Often, what is good for the county isn’t what is good for the people, Arnold said. While it’s easy to see every idea as a good idea, she said she felt her role was to question the county’s actions and read between the lines.
For Arnold, it was a matter of moral character — and a point of personal pride.
“I always wanted, since I got elected, to never regret a vote and not be ashamed that my name was on that vote the wrong way,” Arnold said.
Another recent vote Arnold went against alone pertained to the Bob Jones Trail.
Arnold, a champion of property rights, had a history of voting against the use of eminent domain when it came to building the bike path from San Luis Obispo to the sea, but she also rejected a recent vote to redesign the path to avoid the properties that would’ve required forceful seizure of land.
The vote passed even without Arnold’s support, but for her, the price of the project — which she saw as a luxury instead of a necessity — had simply gotten too high, she said.
“I was kind of thinking that eventually, with everything that they’re trying to ask for, it’d be like $40 million,” she said. “I can’t even get them to put $15 million on some of our rural roads that are down to the dirt.”

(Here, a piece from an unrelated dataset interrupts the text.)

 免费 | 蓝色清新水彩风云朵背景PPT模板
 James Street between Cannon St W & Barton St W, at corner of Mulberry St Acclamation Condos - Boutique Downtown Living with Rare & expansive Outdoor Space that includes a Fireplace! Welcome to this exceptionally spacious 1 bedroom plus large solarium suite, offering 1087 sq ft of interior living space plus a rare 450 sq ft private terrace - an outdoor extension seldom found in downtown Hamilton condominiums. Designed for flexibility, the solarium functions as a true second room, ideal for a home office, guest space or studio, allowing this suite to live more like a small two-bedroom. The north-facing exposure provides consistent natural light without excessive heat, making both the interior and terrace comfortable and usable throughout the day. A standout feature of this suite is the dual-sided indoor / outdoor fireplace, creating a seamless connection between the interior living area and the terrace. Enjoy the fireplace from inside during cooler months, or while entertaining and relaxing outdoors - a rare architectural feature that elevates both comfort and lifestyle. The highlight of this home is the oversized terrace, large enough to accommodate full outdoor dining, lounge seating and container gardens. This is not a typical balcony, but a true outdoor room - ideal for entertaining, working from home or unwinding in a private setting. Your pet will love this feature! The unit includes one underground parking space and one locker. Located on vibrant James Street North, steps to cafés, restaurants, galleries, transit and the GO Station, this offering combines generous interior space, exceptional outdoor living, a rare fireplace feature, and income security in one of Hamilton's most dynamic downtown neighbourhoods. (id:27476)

While she said she sees the benefit of the trail, her ultimate impression was that the county should be putting its funding toward what she described as more urgent and foundational transportation needs, like fixing the pot holes in roads.
“I‘ve always thought that road maintenance should be a priority,” Arnold said.

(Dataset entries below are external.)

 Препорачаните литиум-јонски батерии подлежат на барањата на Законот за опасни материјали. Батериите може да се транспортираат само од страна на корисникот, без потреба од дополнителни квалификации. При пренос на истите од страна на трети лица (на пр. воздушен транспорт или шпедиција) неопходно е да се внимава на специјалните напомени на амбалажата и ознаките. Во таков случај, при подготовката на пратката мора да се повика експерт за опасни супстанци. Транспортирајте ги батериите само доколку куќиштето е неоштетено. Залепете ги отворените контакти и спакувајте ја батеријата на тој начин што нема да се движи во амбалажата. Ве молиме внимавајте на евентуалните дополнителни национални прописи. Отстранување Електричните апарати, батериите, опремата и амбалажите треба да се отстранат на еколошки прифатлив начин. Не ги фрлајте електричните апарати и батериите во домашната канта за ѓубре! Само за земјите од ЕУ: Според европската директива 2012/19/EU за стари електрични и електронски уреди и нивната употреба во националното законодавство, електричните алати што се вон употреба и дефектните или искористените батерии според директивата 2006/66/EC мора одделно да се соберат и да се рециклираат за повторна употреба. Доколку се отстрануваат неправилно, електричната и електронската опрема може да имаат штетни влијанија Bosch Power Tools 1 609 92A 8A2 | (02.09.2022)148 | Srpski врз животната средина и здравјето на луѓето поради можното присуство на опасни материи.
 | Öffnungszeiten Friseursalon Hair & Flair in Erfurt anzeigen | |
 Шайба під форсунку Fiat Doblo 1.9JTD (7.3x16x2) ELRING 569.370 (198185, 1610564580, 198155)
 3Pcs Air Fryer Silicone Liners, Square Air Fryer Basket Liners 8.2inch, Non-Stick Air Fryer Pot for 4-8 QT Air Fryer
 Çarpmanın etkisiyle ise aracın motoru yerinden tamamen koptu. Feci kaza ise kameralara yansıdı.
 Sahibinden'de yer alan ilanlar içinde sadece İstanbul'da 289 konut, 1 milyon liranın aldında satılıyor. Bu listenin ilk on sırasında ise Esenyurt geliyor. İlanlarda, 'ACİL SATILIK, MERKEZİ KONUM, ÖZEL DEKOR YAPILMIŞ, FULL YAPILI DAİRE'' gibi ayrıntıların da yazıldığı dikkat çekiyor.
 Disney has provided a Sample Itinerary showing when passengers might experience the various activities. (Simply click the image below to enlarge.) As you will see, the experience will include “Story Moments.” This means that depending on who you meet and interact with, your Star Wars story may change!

Even though the county’s $18 million Active Transportation Program funding was granted by the state specifically for the construction of the trail and the county does not have the discretion to reallocate those funds to another avenue of the budget, Arnold said she still sees that money as taxpayers dollars.
Local community groups are now fundraising to pay for the construction of the new $36 million trail design.

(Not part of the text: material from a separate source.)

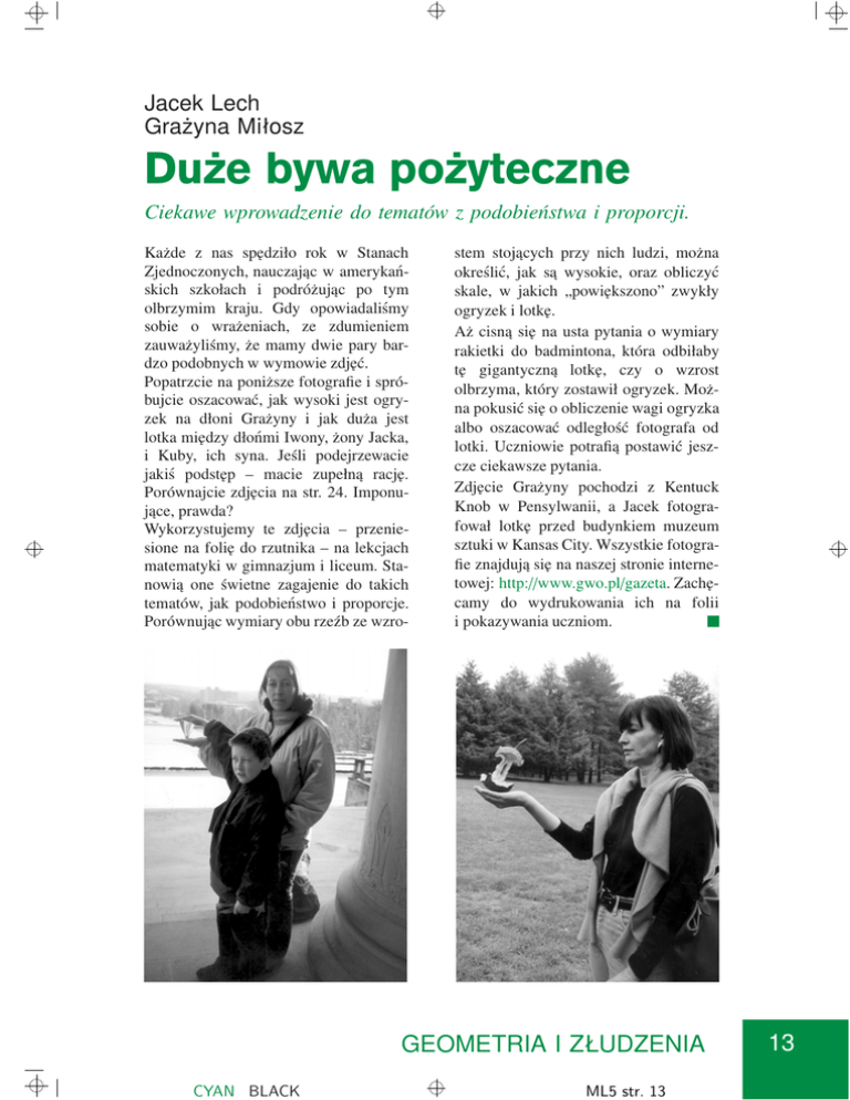 Jacek Lech Grażyna Miłosz Duże bywa pożyteczne Ciekawe wprowadzenie do tematów z podobieństwa i proporcji. Każde z nas sp˛edziło rok w Stanach Zjednoczonych, nauczajac ˛ w amerykańskich szkołach i podróżujac ˛ po tym olbrzymim kraju. Gdy opowiadaliśmy sobie o wrażeniach, ze zdumieniem zauważyliśmy, że mamy dwie pary bardzo podobnych w wymowie zdj˛eć. Popatrzcie na poniższe fotografie i spróbujcie oszacować, jak wysoki jest ogryzek na dłoni Grażyny i jak duża jest lotka mi˛edzy dłońmi Iwony, żony Jacka, i Kuby, ich syna. Jeśli podejrzewacie jakiś podst˛ep – macie zupełna˛ racj˛e. Porównajcie zdj˛ecia na str. 24. Imponujace, ˛ prawda? Wykorzystujemy te zdj˛ecia – przeniesione na foli˛e do rzutnika – na lekcjach matematyki w gimnazjum i liceum. Stanowia˛ one świetne zagajenie do takich tematów, jak podobieństwo i proporcje. Porównujac ˛ wymiary obu rzeźb ze wzro- stem stojacych ˛ przy nich ludzi, można określić, jak sa˛ wysokie, oraz obliczyć skale, w jakich „powi˛ekszono” zwykły ogryzek i lotk˛e. Aż cisna˛ si˛e na usta pytania o wymiary rakietki do badmintona, która odbiłaby t˛e gigantyczna˛ lotk˛e, czy o wzrost olbrzyma, który zostawił ogryzek. Można pokusić si˛e o obliczenie wagi ogryzka albo oszacować odległość fotografa od lotki. Uczniowie potrafia˛ postawić jeszcze ciekawsze pytania. Zdj˛ecie Grażyny pochodzi z Kentuck Knob w Pensylwanii, a Jacek fotografował lotk˛e przed budynkiem muzeum sztuki w Kansas City. Wszystkie fotografie znajduja˛ si˛e na naszej stronie internetowej: http://www.gwo.pl/gazeta. Zach˛ecamy do wydrukowania ich na folii i pokazywania uczniom. GEOMETRIA I ZŁUDZENIA CYAN BLACK ML5 str. 13 13

Another vote in which Arnold recently went 4-1 was the declaration of the certification of SLO County’s 2024 election results — which Arnold called a “protest vote” knowing that it would ultimately pass.
“It was a vote that, I hope people go, ‘Why did she vote no?’” she said. “I want people to stop and think about that.”
Arnold said she has been concerned with the integrity of elections since the changes that occurred in 2020. She cited the length of receiving election results, the centralization of vote counting, sending out mail-in ballots without voter identification and the use of machines to tabulate vote rather than hand counting ballots.
“All those things, all the loosening of the process, I think it has made it more difficult to get an accurate count,” she said.
Though Arnold said it was purely a protest vote, she did not say whether she would have changed her vote were other supervisors also to have rejected the results of the election.
Arnold’s parting words of wisdom
In her retirement, Arnold said she is looking forward to “slowing down the hamster wheel,” as she put it — spending time at home with her husband, seeing her four grandchildren, cooking and discovering new hobbies.
But as parting wisdom, she encouraged anyone with an interest in running for public office to do so, even if they feel unqualified.
”We really need regular old people that are representatives of normal, regular citizens,” Arnold said. “People think that (if) they’re not some kind of superstar expert in some area, they wouldn’t make a good elected official, but these are governments designed to be true representatives.”
The Republican Party of SLO County will honor Arnold with a retirement party on Wednesday night at the Pavilion at Atascadero Lake, the group shared on Facebook. The catered event will start at 6 p.m. While free, a $50 donation for tickets is suggested.
After 12 years of service, Arnold said, “it really is an honor.”